Australian writer (born 1959)

Bill Congreve is an Australian writer, editor and reviewer of speculative fiction. He has also published the work of Australian science fiction and horror writers under his MirrorDanse imprint.

==Biography==

William (Bill) David Congreve was born in Nairobi, Kenya, in 1959. He moved to Australia in 1962 at the age of 3. He completed a BA in Communications from Macquarie University in 1985.. He then spent two years travelling North America, Britain and Africa. He has worked as a bar attendant, tree planter (52,000 in all), freelance journalist, public servant, mail sorter, bank clerk, and assistant manager of the SF store Infinitas Bookshop (Parramatta, Sydney).
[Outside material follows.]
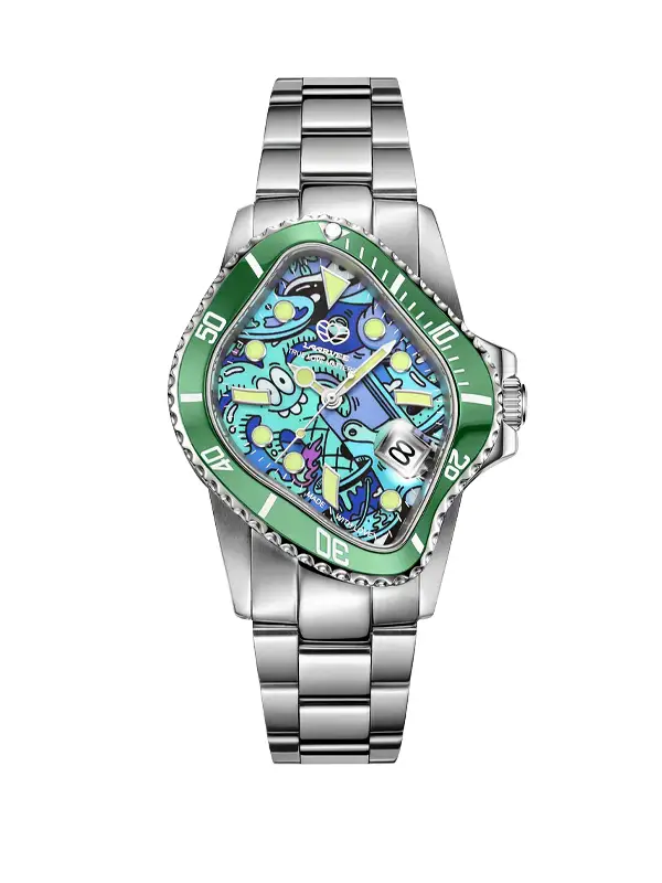 O Steven Harrington x Laarvee Relógio Night é uma colaboração artística que une o estilo vibrante e psicodélico do artista californiano Steven Harrington com a sofisticação minimalista da relojoaria contemporânea da Laarvee. Este modelo exclusivo traduz a visão criativa do artista em um acessório de luxo que funciona tanto como peça funcional quanto como obra de arte wearable, carregando identidade, cor e simbolismo.

His first stories were mainly published in university magazines. "Night Run" appeared in Union Recorder 60, No 6/7/8 (1980). This was followed by "Home Ground," which appeared in Don Boyd's SF magazine Futuristic No 5 (Feb 1982). Arena published his next three stories: "The Telephone" (in 16, No 4, Apr 1983), "Reservation" (in 17, No 4, Apr 1984) and "The Unproductive Murderer' (in 18, 1985).

Congreve's first professionally-published work was his short story "Collector" (Aphelion 5, 1987). He published further tales in the Australian small press in such fanzines as The Mentor and Esoteric Order of Dagon.
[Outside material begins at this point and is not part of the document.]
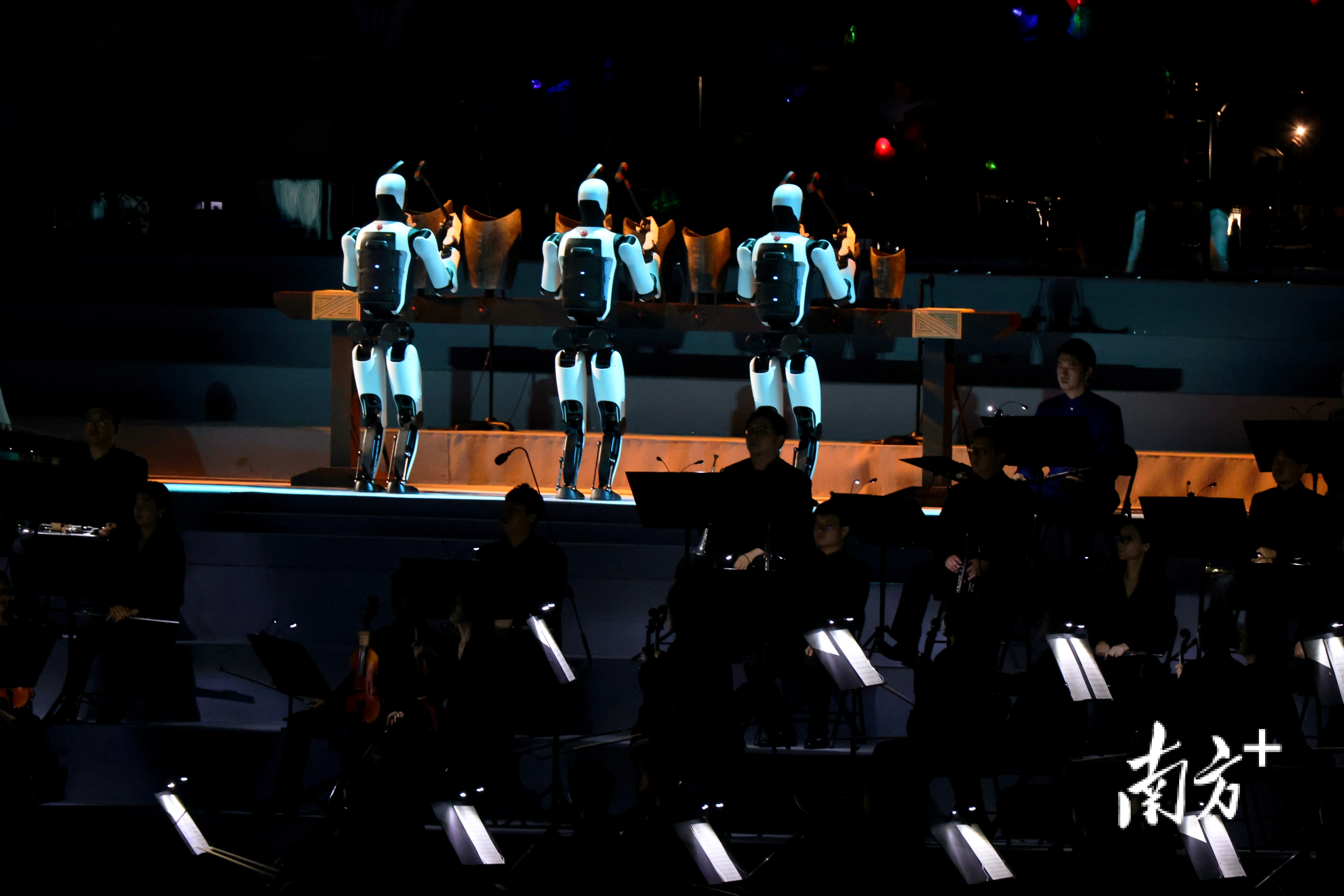机器人敲击文物青铜句鑃,演奏开场曲《彩云追月》。

In 1992, Congreve's first edited anthology, Intimate Armageddons was released by Five Islands Press, featuring a short story and introduction by Congreve as well as 10 other horror stories by Australian authors. It was launched at Sydney's Galaxy Bookshop by Leigh Blackmore.

His tale "Red Ambrosia" appeared in Leigh Blackmore's anthology Terror Australis: The Best of Australian Horror in 1993 and was reprinted in the small-press anthology Deeds of Doom, ed. Anthony Markidis (Galley Press, 1994). Congreve's tale "I Am My Father's Daughter" was anthologised in Crosstown Traffic, ed. Stuart Coupe, Julie Ogden and Robert Hood, Five Islands Press, 1993.

In 1994, Congreve founded (with Robert Maxwell Hood his publishing company MirrorDanse Books, which specialises in science fiction and horror.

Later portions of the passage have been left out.